Conditions Governing Use
It is the responsibility of the researcher to obtain any necessary copyright clearances. Permission to publish material from the L. DeWayne Young collection on folk dancing must be obtained from the Supervisor of Reference Services and/or the L. Tom Perry Special Collections Board of Curators.
L. DeWayne Young (1938- ) is not only an avid folk dancer, but a well established teacher and promoter of the folk arts.
Young danced with, and helped organize, the original Brigham Young University International Folk Dancers in 1956 under the direction of Janie Thompson and Mary Bee Jensen.
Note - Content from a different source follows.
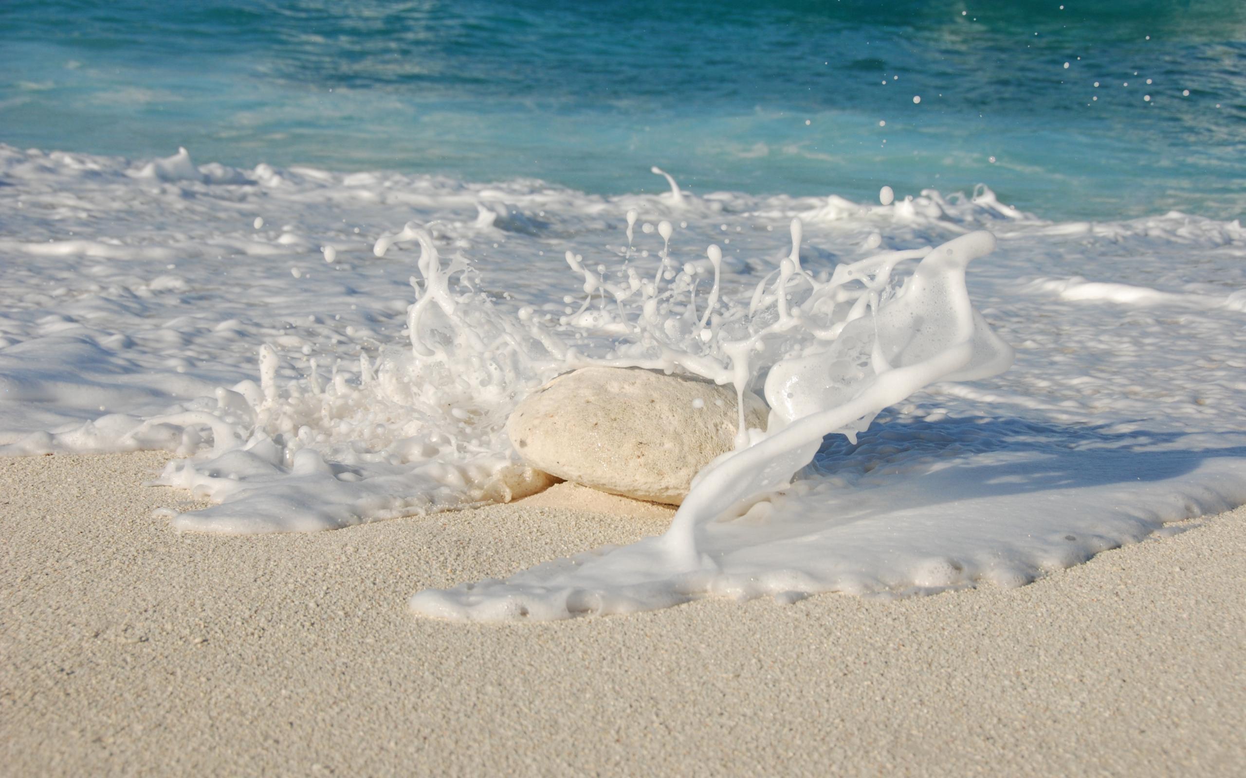 Wallpaper White sea waves beat against a stone on the yellow sand

After graduating from Brigham Young University, Young danced and taught intermittently at BYU, BYU-Hawaii, BYU-Idaho and Idaho State University, also teaching at Lloyd Shaw Foundation workshops and conducting many other folk dance workshops throughout the United States on the way.
In 1986 Young, along with Mary Bee Jensen, George Frandsen, and Vytautas F. Beliajus established the National Folk Organization. This organization was established for the preservation and promotion of the folk art traditions, and as a tribute to the staying power of international folk dance.
Young served as co-editor for fifteen years on "Viltis," the folk magazine created by Vytautas F. Beliajus; Later publishing the Index to Fifty Years of Viltis: 1944-1994 and the biography Mr. Folk Dance USA, Vytautas F. Beliajus: Memoirs of a Lithuanian Immigrant.
L. DeWayne Young still travels extensively, participating in international folk dance festivals in Poland, Ukraine, Czech Republic, and Puerto Rico.